= ASIS International =

Professional organization

ASIS International, headquartered in Alexandria, Virginia, is a professional organization for security professionals. It issues certifications, standards, and guidelines for the security profession.

Founded in 1955 as the American Society for Industrial Security (ASIS), members were principally government and corporate security professionals. The term "industrial security" denotes U.S. Department of Defense contracts with U.S. industry for defense technology and materials. The organization officially changed its name in 2002 to ASIS International to reflect its international expansion, which currently includes 34,600 members in 155 countries and 240 local chapters in 89 countries worldwide, the Annual ASIS Fact Sheet contains additional information. The name "American Society for Industrial Security" no longer exists except in historical legal documents.

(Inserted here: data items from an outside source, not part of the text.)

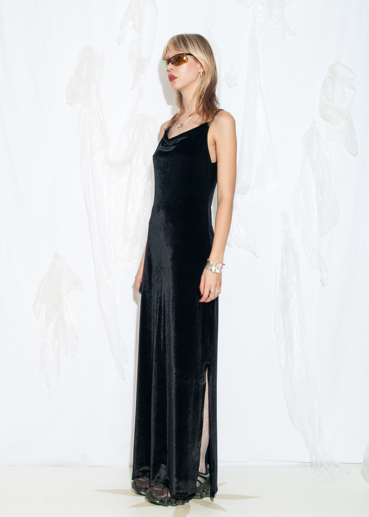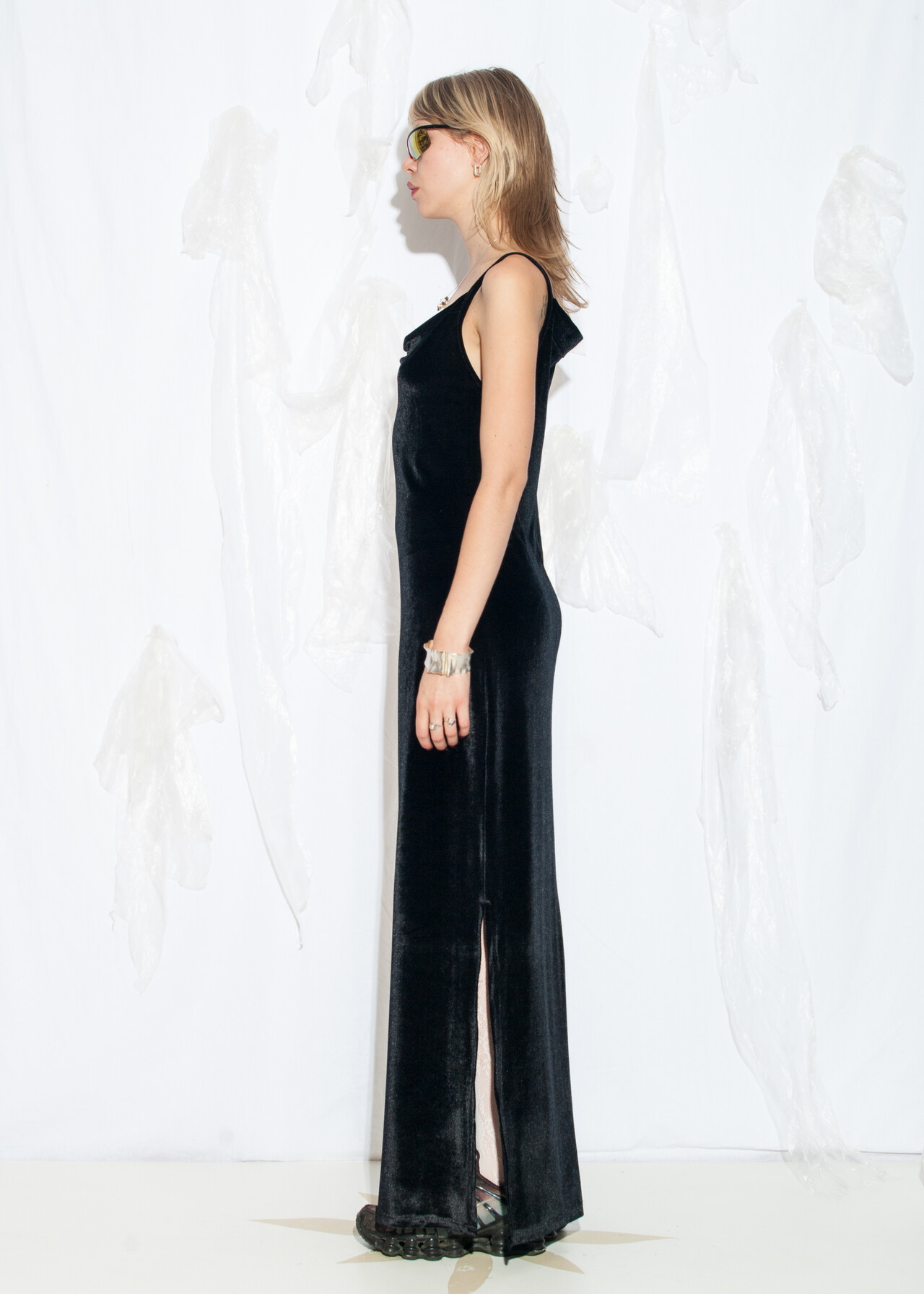 Tags: 2000s style clothing, evening maxi dress, long black dress, prom dress, slouchy top, step slit, velvet party dress, whimsigoth, y2k vintage fashion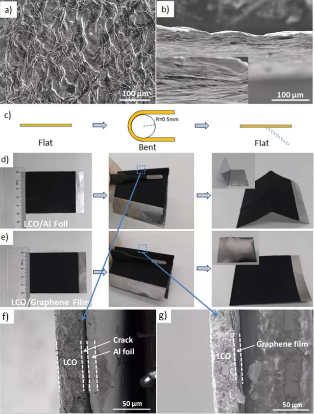 图1. 石墨烯薄膜a)表面SEM图像和b)断面SEM图像。c)柔性电极弯曲的示意图。d)LCO/铝箔和e)LCO/石墨烯膜的电极弯曲图片。f)LCO/铝箔和g)LCO/石墨烯薄膜电极折痕的断面SEM图像
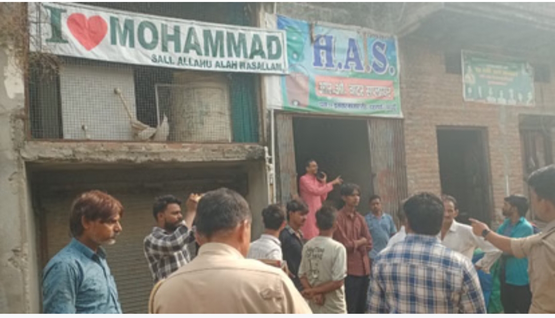 बदायूॅं जनमत। जरीफनगर थाना क्षेत्र के नगर पंचायत दहगवां में शनिवार सुबह अचानक ‘आई लव मोहम्मद’ लिखे बैनर लगाए जाने से माहौल गर्मा गया। पोस्टर लगाए जाने की जानकारी होते ही पुलिस मौके पर पहुंच गई। इस दौरान पुलिस और कुछ युवकों के बीच तनातनी भी हुई। यह बैनर एक मेडिकल स्टोर पर लगाया था। पुलिस ने मौके से चार लोगों को हिरासत में ले लिया।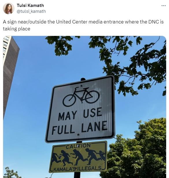 One white sign reads “Blacks must sit at the back of the bus. Kamala’s migrants sit in the front.” Another yellow caution sign on the same pole warns riders of “Kamala’s illegals,” with imagery of people running that is supposed to mimic immigrants crossing the border.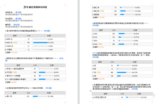 同时,学院以线上资助诚信知识问卷的形式开展资助知识普及宣传,近千名办理助学贷款的在校生积极参与,知识问卷不仅设置如助学贷款的类型、申请助学贷款需要的材料、还款方式等知识普及型问题,还专项设置如不按时归还助学贷款有何不良影响、对助学贷款的违约行为有哪些处理措施等诚信教育类问题,起到普及资助知识、加强诚信教育的作用。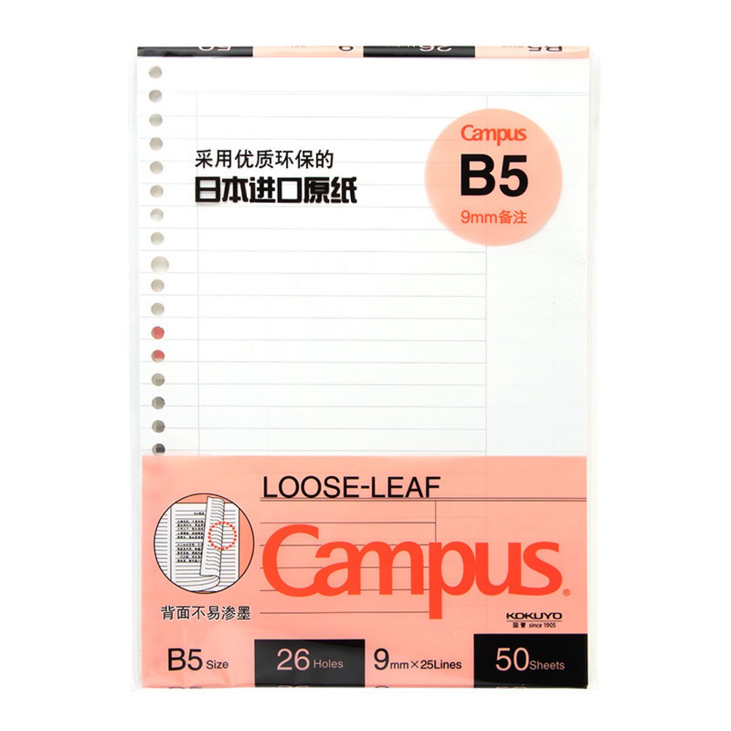 Style A: B5/50 sheets 9mm full remarks loose-leaf core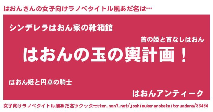 | 男性向けラノベタイトル風あだ名 | 『はおん~年齢イコール彼女いない歴の魔法使い~』 |
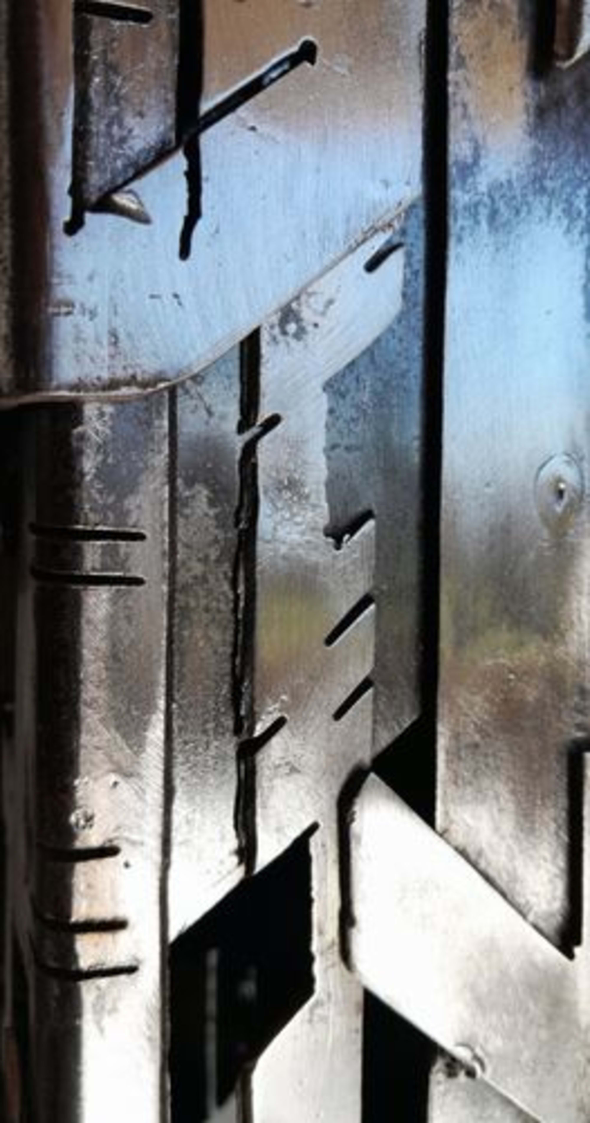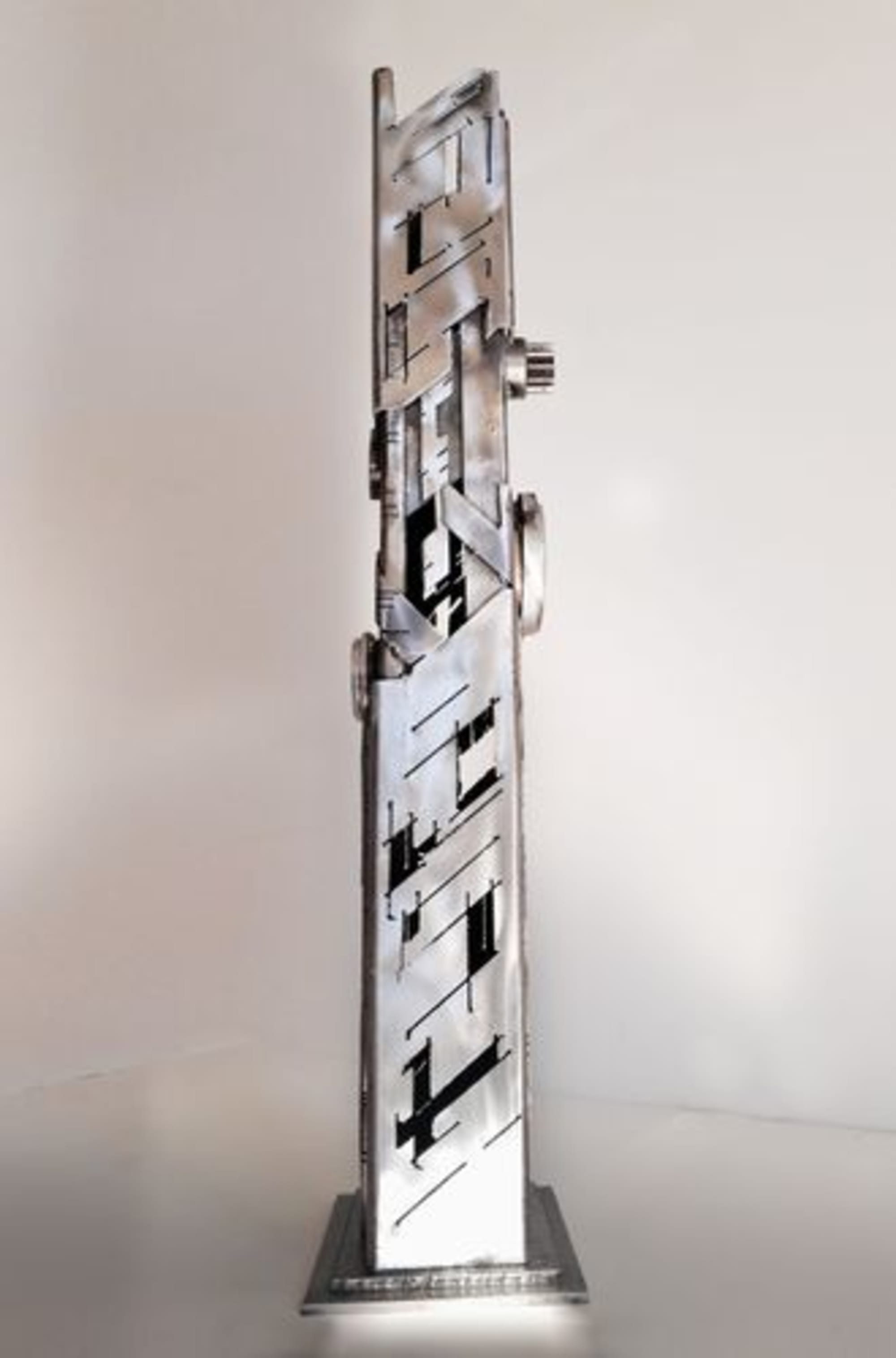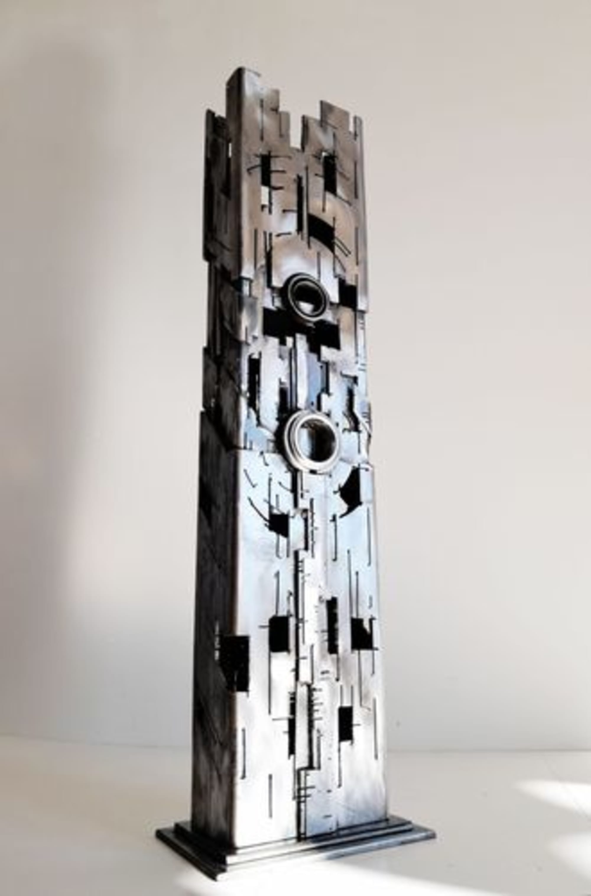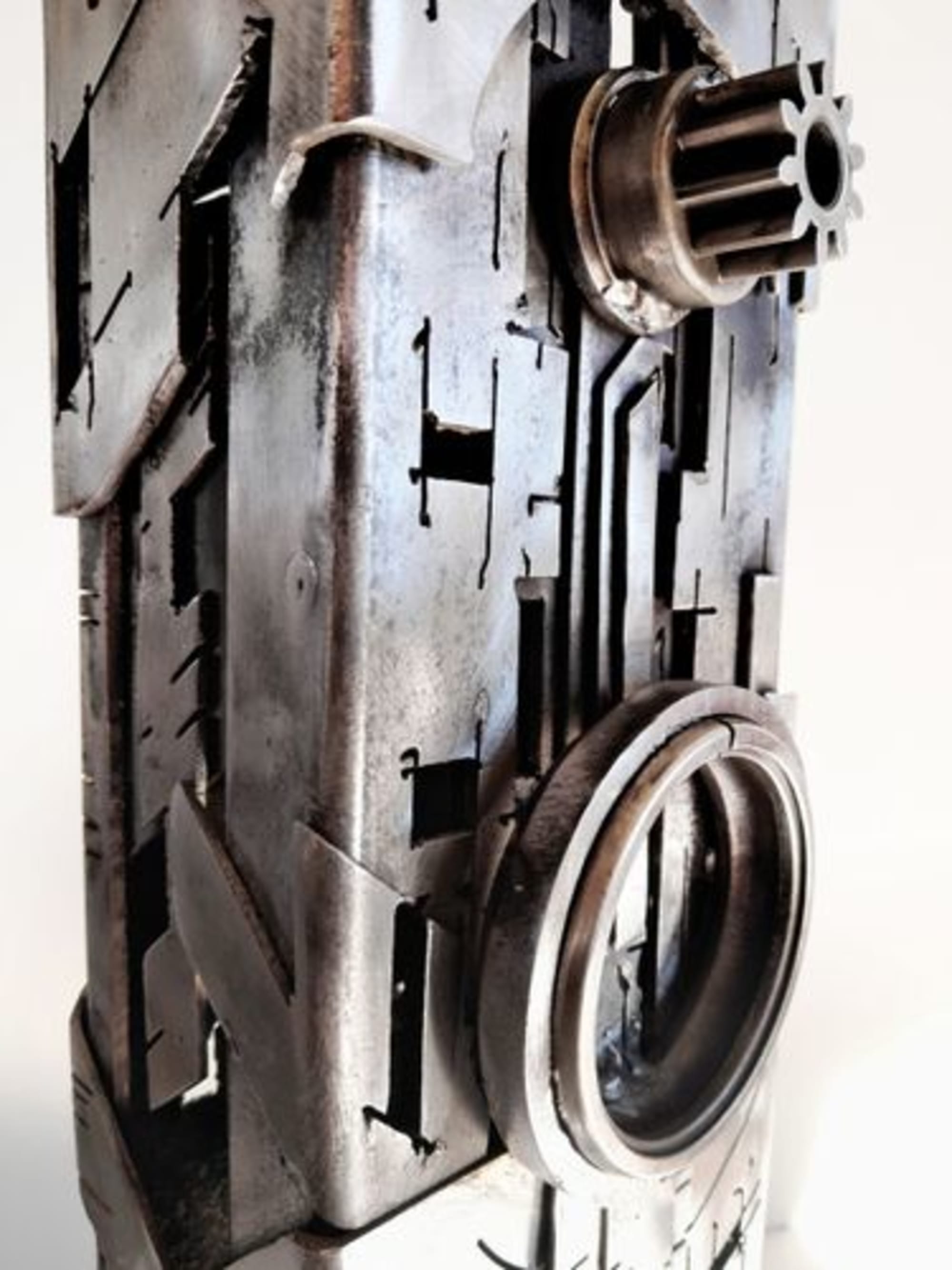 Source d’inspiration : Univers urbain futuriste .Pièce réalisée dans de l’acier de de récupération recyclé en œuvre d’art, dans une démarche “écoresponsable”. C’est une œuvre qui vit aussi bien le jour que la nuit, avec un éclairage intérieur “led” basse tension possible .

As of 2018, the annual educational and networking event hosted by ASIS is referred to as the "Global Security Exchange (GSX). This event is centered on education sessions, networking opportunities and an exhibit hall showcasing over 450 security vendors.

The ASIS Foundation offers security professionals certification scholarships, practical research, member hardship grants, and more.

== Certification programs ==
ASIS administers four professional certification programs - "Certified Protection Professional" (CPP), "Professional Certified Investigator" (PCI), "Physical Security Professional" (PSP) and the "Associate Protection Professional" (APP) designation.